その顔汗、体質?それとも病気?
原発性と続発性の見分け方と受診の目安
「これは単なる体質ですか?それとも、何かの病気が隠れているのでしょうか」。よくいただくご質問です。多汗症の多くは特定の病気を背景に持たない原発性ですが、一部には他の疾患や薬剤が原因となる続発性が含まれます。両者では対応が大きく変わるため、まずどちらなのかを確認することが出発点になります。
原発性多汗症と続発性多汗症の違い
| 原発性多汗症 | 続発性多汗症 | |
|---|---|---|
| 原因 | 明らかな基礎疾患がない | 他の疾患・薬剤・ホルモン変化など |
| 発症時期 | 思春期〜若年に始まることが多い | 原因が生じた時期から |
| 部位 | 手のひら・足の裏・脇・顔面など局所 | 全身性のことが多い |
| 左右差 | 基本的に左右対称 | 片側性のこともある |
| 睡眠中 | 止まることが多い | 続くことがある(寝汗) |
| 対応 | 発汗そのものへの治療 | まず原因の特定と対応 |
この表はあくまで典型的な傾向であり、すべてがこの通りに当てはまるわけではありません。判断には医師の診察が必要です。
原発性多汗症の特徴
原発性の局所多汗症は、体質的な要素が大きいと考えられています。日本皮膚科学会の診療ガイドラインでは、明らかな原因がないまま過剰な発汗が6か月以上続き、次の6項目のうち複数が当てはまることが判断の参考とされています。
- 最初に症状が出たのが25歳以下
- 左右対称性に発汗がみられる
- 睡眠中は発汗が止まっている
- 週に1回以上、多汗のエピソードがある
- 家族歴がある
- 日常生活に支障をきたしている
特に重要な「睡眠中は止まる」というポイント
原発性の多汗症では、眠っているあいだは発汗が落ち着くのが典型的です。これは、原発性の発汗が交感神経の過剰な働きと関係しており、覚醒時の緊張や刺激に反応して起こるためと考えられています。逆に、寝ているあいだも汗をびっしょりかく場合は、続発性の可能性を考える手がかりになります。
家族歴があることは珍しくない
原発性局所多汗症では、家族に同様の症状を持つ方がいるケースが一定の割合で報告されています。「親も同じだった」という場合、体質的な要素が関わっている可能性があります。
続発性多汗症で考えられる背景
続発性の場合、発汗はあくまで症状のひとつであり、背景にある要因への対応が優先されます。代表的なものを挙げます。
内分泌・代謝に関わるもの
甲状腺ホルモンが過剰になると代謝が高まり、発汗が増えることがあります。動悸、体重減少、手の震え、疲れやすさなどを伴うことがあります。

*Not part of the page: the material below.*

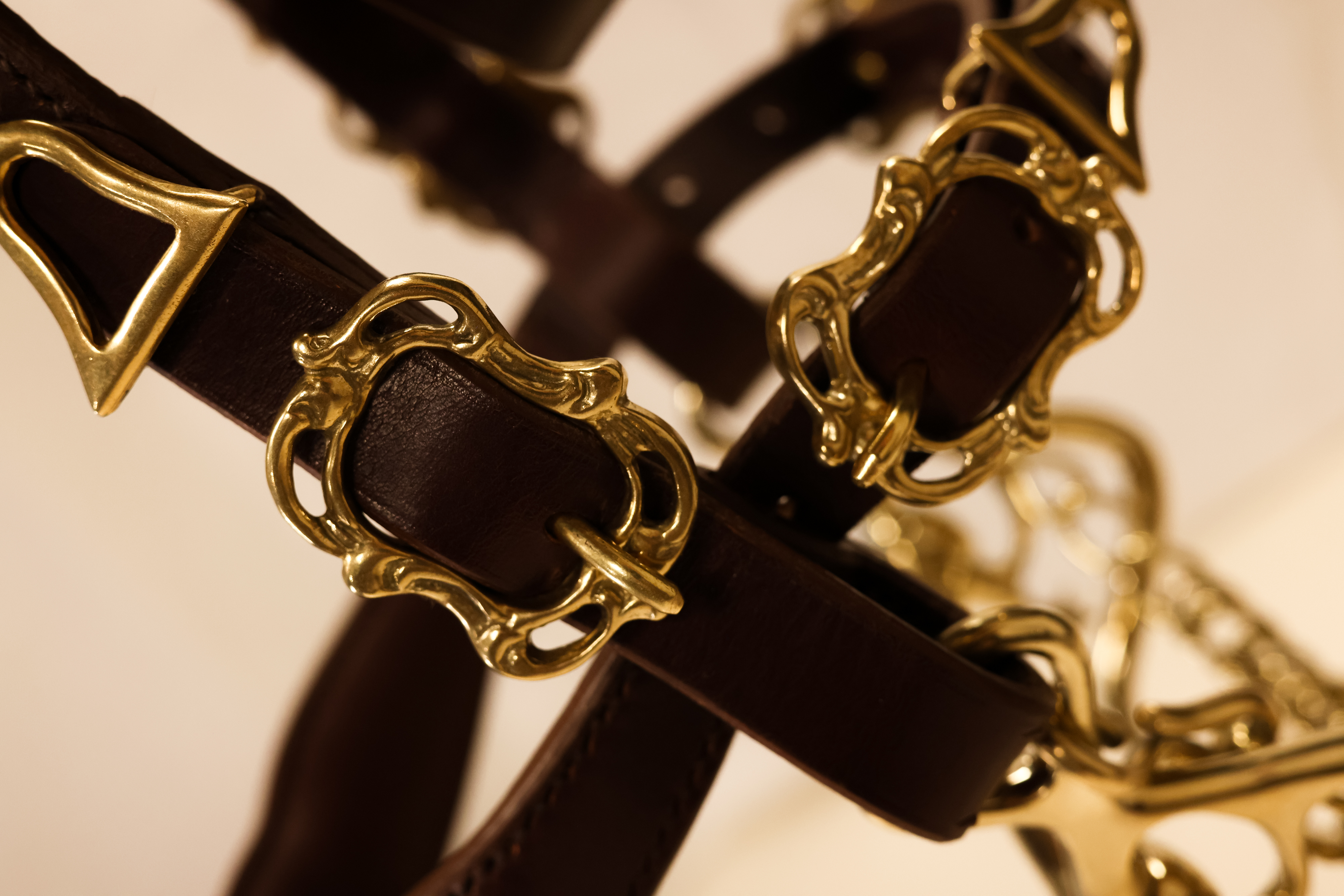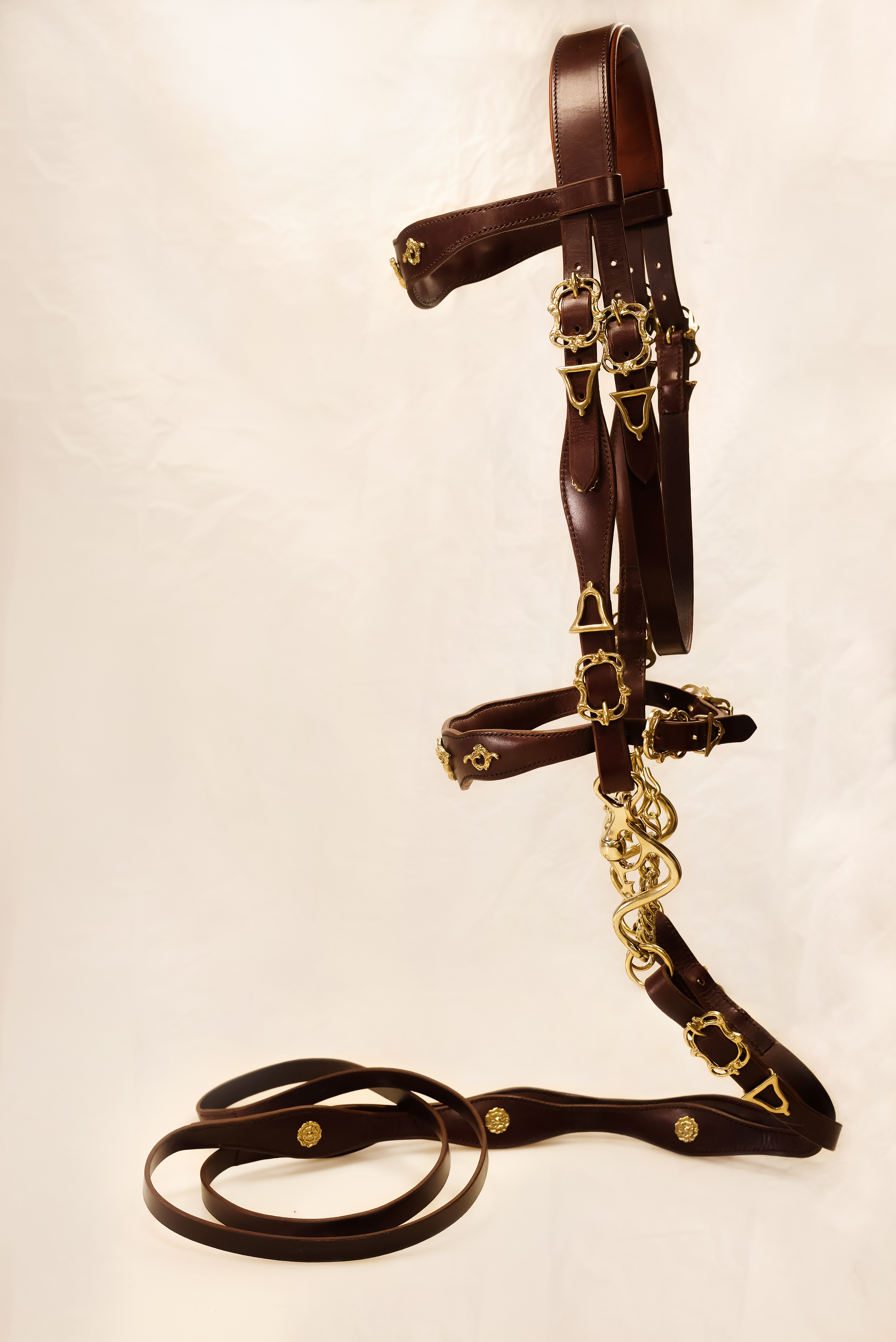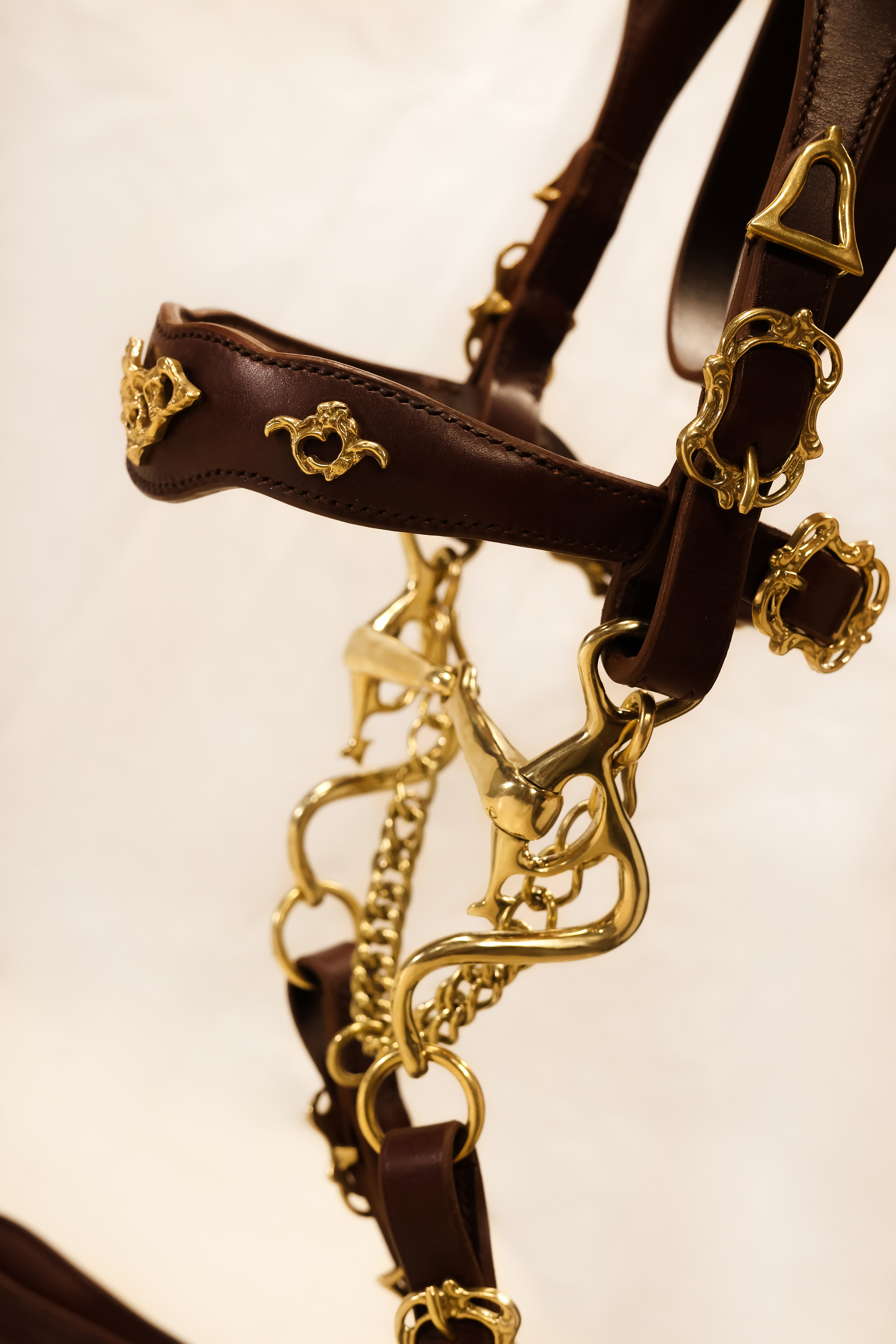 - Bridon portugais cuir havane, têtière doublée veau, boucles ornementées en laiton, cousu main. Une adaptation en bride ou pour le spectacle sont possibles.
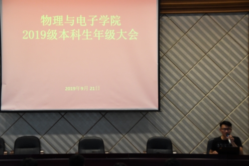 2019年9月21日下午,物理与电子公司2019级第一次年级大会在物理楼116报告厅召开,会议由19级辅导员郭学斌主持。

顔がほてって急に汗が噴き出す「ホットフラッシュ」がみられることがあります。突発的で、のぼせ感を伴うのが特徴です。
血糖値が下がったとき、冷や汗、動悸、手の震え、強い空腹感などが現れることがあります。食事のタイミングと関連する場合は注意が必要です。
体重の増加は体温調節の負荷を高め、発汗量に影響することがあります。
薬剤によるもの
一部の薬剤には、副作用として発汗の増加が知られているものがあります。抗うつ薬、解熱鎮痛薬、ホルモン製剤などが挙げられることがあります。服用開始や変更の時期と発汗の増加が重なっている場合は、処方元の医師にご相談ください。自己判断での中止は避けましょう。
そのほか
感染症、神経系の疾患、一部の腫瘍性疾患などでも発汗の増加がみられることがあります。発熱、体重減少、強い倦怠感、寝汗が続くといった症状を伴う場合には、内科での確認が優先されます。
片側だけ汗が出るケース
「顔の左半分だけ汗をかく」「食事のときに片側の頬から汗が出る」といった、明らかな左右差がある発汗は、原発性とは異なる機序が考えられます。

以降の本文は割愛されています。